Wipro's Li-Fi Solution Could Slake The Thirst Of Bandwidth-devouring Indians
Imagine your entire family of digital addicts nestled in their various cocoons, watching movies at 1,000-times the speed you are accustomed to now, seamlessly and without interference. At this speed, everyone is able to stream 30 movies at the same time in 1080 HD. Needless to say, quite possibly for the first time in your life, you are a superhero.
This is the reality that Wipro and a Scottish company called Purelifi is bringing to your home. Wipro may be famous because of its IT arm, but it also has a large and well-reputed lighting division and an FMCG wing. (Azim Premji, former chariman of Wipro -- he just handed over the reins to his son -- used to sell vegetable oil before he transformed his company into an IT giant.)
Purelifi has successfully run a pilot project at Kyle Academy secondary school in Ayr, Scotland as part of Scotland's digital strategy mapping.
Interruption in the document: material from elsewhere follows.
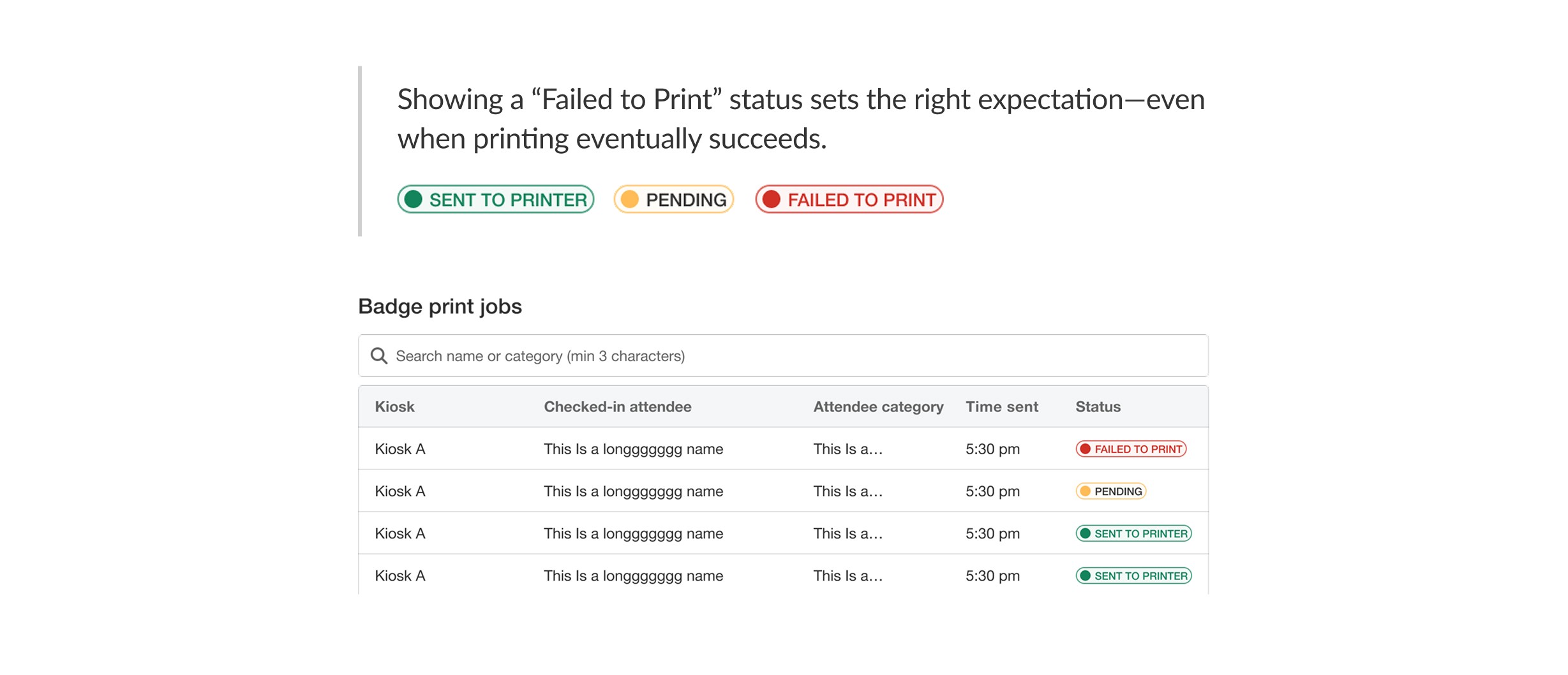 At check-in, stopping to admire a beautifully designed badge matters a lot less than making sure your name isn’t spelled wrong.

Other pilots have taken place at mobile phone company O2 and the Devonport Dockyard in Plymouth in conjunction with the Royal Navy. In fact, Prof. Harald Haas, founder and chief scientist of Purelifi, and also a professor of mobile communications at Edinburgh University coined the word Li-Fi so it's a good bet that they know their onions.
Suddenly, in a bandwidth choked world, Li-Fi's data dense technology can be tantalising. Its one pre-requisite -- light -- is everywhere. Li-Fi uses infra-red, ultra-violet as well as visible light to send data zooming about flawlessly whereas Wi-Fi is dependent on radio frequencies to piggyback on which can be prone to corruption and signal interference. Purelifi's solution uses an Ethernet cable attached to a router and then connected to an access point, which in turn is wired to a Wi-Fi-enabled LED light.
LED lights are basically semiconductors so by adjusting brightness levels at speeds invisible to the human eye, Li-Fi can ramp up download speeds up to a scorching 1078Mbps. You plug a dongle with a transmitter and receiver into your laptop or tablet and presto, you're in business. The dongle sends and receives data from and to the light.
Li-Fi isn't perfect. Its signals can't permeate walls. Its range is ultra short -- 10 metres or less. And it needs light, although Purelifi says it can function when a room appears to be dark at 60 lux. Yet these concerns are mere trifles when you consider the incredible potential that Li-Fi brings when daisy-chaining a series of lights to its technology, especially in a place like India where a humongous number of users are yet to come online and where network speeds and interruptions are chronic headaches.
Purelifi's solution has always been to stress Li-Fi's supporting role -- not competitive -- in alleviating bandwidth problems. You still need some kind of pipe to get your connection to you -- but from there on it is lightning fast and eminently dependable, eliminating the familiar network congestions. Its potential in the educational and medical fields, which rely on tons of videos or data heavy scans, can be immense.
But there's also a more pivotal role for Li-Fi. Its data dense nature makes it highly capable of aiding the new digital era and specific areas of it such as augmented reality, virtual reality, machine learning, and artificial intelligence. Smart cities can use it to power a whole host of machines from just its street lamps.
Li-Fi could also save your life. Since it doesn't leak radio signals or have interference issues, it can be used in practically any kind of environment from hospitals to nuclear plants to aircraft making it the fastest, most reliable way to access information.
Still we will never know the possibilities or potential unless Wipro makes this an affordable and well-marketed solutions package, so the jury is still out on its transformative powers.